● TASK STATEMENT: Copy, word for word, the lines of the entries below between the one with "Vergoldete Kontakte Gold plated contacts" and the one with "Figur 1. Manhattan-projektet", inclusive, and leave out everything else.

● EXERCISE MATERIALS:
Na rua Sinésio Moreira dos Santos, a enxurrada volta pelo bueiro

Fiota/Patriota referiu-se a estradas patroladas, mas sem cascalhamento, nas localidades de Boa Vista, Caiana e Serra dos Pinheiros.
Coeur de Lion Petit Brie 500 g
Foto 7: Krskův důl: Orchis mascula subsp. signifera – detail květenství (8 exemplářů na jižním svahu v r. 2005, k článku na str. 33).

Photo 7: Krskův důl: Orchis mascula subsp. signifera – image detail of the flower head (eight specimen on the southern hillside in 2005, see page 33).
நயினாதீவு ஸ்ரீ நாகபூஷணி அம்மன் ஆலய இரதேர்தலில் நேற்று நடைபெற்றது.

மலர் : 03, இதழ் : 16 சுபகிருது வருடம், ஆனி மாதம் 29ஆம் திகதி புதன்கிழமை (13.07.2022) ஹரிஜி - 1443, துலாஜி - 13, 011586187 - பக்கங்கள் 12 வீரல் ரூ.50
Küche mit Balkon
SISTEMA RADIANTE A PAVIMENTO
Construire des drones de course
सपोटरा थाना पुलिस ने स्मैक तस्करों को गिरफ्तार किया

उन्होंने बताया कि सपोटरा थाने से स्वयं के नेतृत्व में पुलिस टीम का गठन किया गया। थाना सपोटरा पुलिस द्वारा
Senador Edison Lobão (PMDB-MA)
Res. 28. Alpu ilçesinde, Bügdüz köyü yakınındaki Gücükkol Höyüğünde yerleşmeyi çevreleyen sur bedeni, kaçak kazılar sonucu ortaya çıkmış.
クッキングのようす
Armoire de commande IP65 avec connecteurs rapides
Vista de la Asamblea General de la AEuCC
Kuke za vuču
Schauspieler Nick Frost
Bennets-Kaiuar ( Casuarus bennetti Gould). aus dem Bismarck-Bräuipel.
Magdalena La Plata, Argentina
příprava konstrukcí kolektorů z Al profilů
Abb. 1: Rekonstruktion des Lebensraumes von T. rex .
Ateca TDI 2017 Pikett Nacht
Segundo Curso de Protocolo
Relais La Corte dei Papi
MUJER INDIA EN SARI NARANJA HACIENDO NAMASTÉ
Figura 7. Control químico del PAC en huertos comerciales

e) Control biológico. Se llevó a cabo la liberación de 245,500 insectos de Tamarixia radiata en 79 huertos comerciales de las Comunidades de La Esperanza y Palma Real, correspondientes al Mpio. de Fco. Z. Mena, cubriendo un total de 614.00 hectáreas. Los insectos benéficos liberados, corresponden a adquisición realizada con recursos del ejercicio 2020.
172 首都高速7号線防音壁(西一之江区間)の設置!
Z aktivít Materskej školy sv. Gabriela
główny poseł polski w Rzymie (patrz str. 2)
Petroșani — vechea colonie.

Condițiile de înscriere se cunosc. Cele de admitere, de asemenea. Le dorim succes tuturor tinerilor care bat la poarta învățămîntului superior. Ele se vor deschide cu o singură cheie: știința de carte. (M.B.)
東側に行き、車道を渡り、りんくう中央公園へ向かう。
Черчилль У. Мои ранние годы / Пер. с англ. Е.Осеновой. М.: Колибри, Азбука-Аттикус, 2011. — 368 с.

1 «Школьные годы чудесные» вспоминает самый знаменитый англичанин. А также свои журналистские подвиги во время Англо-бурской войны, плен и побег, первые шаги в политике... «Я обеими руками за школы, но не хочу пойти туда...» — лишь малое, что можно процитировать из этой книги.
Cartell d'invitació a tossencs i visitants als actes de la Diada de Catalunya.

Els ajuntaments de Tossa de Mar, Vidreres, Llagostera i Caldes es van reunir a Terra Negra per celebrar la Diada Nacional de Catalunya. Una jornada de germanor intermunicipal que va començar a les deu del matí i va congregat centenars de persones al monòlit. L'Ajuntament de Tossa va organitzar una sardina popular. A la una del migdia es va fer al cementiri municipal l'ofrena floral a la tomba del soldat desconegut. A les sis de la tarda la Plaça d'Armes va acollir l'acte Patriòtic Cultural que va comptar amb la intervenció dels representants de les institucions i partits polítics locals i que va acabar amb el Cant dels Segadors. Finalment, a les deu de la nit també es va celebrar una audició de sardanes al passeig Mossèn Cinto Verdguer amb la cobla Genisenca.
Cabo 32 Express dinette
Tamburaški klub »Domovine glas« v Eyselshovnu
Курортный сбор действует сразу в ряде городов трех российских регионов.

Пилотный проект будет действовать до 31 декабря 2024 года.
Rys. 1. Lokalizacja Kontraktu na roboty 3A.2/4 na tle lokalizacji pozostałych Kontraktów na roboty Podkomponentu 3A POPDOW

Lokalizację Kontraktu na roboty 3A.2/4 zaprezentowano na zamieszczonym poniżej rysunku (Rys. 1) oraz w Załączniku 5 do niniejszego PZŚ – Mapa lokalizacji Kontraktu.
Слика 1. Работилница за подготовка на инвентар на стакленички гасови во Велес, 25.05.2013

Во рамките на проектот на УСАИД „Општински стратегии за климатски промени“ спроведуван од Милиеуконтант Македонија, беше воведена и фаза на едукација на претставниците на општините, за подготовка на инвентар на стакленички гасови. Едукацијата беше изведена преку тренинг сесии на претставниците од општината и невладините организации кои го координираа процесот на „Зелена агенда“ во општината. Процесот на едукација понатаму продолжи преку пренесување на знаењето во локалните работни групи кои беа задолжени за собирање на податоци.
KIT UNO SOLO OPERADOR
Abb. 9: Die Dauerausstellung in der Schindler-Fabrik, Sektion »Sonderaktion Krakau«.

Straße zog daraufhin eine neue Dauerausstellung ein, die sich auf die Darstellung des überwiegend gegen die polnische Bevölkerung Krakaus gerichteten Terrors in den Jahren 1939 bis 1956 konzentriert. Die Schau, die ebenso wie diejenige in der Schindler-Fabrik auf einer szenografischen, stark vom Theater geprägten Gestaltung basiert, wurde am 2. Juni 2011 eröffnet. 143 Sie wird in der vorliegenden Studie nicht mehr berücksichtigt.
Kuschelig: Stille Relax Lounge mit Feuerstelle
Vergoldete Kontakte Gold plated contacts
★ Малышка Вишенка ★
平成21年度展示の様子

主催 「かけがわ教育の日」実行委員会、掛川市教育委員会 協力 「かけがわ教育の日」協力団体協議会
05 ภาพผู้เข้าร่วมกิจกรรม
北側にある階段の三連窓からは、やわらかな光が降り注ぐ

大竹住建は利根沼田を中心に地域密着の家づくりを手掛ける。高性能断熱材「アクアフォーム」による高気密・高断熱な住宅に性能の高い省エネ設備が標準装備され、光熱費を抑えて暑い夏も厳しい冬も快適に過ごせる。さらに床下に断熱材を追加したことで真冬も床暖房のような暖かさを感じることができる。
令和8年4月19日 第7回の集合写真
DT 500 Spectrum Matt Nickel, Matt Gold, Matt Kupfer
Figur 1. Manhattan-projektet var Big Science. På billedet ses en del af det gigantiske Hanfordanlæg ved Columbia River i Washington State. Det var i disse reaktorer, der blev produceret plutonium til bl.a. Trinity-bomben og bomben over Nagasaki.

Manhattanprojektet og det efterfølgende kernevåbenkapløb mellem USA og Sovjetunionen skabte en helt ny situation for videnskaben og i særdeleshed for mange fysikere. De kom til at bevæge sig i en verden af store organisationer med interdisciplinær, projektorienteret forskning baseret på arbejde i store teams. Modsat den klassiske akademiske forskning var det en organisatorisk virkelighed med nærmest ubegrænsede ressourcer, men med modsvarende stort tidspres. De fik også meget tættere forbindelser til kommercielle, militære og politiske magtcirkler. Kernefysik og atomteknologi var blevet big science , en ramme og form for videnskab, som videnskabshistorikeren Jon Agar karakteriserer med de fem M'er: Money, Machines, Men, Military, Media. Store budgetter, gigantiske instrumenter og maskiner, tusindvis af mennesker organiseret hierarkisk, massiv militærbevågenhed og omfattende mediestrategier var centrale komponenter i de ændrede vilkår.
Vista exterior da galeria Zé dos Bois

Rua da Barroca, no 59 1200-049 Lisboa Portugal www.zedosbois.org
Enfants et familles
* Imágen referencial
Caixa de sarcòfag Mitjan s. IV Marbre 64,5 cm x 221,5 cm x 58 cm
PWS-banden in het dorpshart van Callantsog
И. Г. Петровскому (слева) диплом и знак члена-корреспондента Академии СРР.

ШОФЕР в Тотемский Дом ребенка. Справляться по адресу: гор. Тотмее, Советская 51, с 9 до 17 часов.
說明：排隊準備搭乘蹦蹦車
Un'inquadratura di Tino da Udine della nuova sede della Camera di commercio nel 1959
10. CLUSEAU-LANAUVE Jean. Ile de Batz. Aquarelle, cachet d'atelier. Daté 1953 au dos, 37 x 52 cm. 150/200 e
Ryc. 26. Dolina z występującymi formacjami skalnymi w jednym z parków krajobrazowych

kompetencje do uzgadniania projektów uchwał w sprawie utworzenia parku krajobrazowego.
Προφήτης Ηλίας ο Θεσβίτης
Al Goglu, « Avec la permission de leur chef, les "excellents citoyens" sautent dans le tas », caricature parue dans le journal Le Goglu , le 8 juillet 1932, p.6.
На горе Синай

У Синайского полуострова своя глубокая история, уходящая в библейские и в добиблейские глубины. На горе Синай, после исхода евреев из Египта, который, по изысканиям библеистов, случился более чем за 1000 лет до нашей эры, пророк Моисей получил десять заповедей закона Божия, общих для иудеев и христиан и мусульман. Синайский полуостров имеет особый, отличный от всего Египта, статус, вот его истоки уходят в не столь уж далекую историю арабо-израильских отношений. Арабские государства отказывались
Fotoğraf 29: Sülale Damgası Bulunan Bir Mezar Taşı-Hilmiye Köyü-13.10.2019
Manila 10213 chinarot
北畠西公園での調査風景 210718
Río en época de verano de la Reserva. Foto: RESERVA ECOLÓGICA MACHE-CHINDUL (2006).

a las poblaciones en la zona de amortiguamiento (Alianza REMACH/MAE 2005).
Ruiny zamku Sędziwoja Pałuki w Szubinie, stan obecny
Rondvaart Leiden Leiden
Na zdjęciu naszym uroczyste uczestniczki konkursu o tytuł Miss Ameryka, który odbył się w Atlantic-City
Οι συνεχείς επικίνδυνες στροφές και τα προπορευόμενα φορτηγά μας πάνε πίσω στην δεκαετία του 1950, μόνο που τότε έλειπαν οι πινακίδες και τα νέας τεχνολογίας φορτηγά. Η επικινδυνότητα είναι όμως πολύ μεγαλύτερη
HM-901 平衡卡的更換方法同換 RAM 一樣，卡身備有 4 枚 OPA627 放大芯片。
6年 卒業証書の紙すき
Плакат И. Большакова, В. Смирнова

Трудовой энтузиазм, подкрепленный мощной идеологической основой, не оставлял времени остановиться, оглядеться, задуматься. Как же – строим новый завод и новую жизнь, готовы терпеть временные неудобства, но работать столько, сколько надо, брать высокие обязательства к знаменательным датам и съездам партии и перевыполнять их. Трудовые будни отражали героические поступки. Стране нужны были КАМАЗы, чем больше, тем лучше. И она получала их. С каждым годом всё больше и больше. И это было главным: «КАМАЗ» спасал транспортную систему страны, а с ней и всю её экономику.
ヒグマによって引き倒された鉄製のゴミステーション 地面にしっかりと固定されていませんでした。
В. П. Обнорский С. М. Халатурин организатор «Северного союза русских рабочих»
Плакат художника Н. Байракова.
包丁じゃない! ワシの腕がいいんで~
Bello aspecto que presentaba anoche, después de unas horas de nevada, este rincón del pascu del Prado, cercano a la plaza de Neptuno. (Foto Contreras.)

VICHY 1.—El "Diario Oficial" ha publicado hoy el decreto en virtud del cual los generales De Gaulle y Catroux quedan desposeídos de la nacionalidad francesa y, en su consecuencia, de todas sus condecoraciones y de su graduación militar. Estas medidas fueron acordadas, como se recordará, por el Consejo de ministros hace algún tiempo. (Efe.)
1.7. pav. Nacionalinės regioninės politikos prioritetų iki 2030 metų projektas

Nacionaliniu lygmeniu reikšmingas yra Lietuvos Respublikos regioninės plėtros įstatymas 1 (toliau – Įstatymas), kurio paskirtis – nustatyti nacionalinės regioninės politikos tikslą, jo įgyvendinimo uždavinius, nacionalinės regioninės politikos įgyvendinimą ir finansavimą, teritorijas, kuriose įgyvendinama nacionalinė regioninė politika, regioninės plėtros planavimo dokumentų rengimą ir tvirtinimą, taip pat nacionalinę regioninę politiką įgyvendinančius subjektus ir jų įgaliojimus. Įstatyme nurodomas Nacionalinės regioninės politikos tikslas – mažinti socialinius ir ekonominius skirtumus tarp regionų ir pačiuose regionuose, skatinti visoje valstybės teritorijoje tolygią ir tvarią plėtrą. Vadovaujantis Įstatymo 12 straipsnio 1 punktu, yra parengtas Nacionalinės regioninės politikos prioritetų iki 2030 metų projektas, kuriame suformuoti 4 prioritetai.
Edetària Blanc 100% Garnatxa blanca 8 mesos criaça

● YOUR SOLUTION:
Vergoldete Kontakte Gold plated contacts
★ Малышка Вишенка ★
平成21年度展示の様子

主催 「かけがわ教育の日」実行委員会、掛川市教育委員会 協力 「かけがわ教育の日」協力団体協議会
05 ภาพผู้เข้าร่วมกิจกรรม
北側にある階段の三連窓からは、やわらかな光が降り注ぐ

大竹住建は利根沼田を中心に地域密着の家づくりを手掛ける。高性能断熱材「アクアフォーム」による高気密・高断熱な住宅に性能の高い省エネ設備が標準装備され、光熱費を抑えて暑い夏も厳しい冬も快適に過ごせる。さらに床下に断熱材を追加したことで真冬も床暖房のような暖かさを感じることができる。
令和8年4月19日 第7回の集合写真
DT 500 Spectrum Matt Nickel, Matt Gold, Matt Kupfer
Figur 1. Manhattan-projektet var Big Science. På billedet ses en del af det gigantiske Hanfordanlæg ved Columbia River i Washington State. Det var i disse reaktorer, der blev produceret plutonium til bl.a. Trinity-bomben og bomben over Nagasaki.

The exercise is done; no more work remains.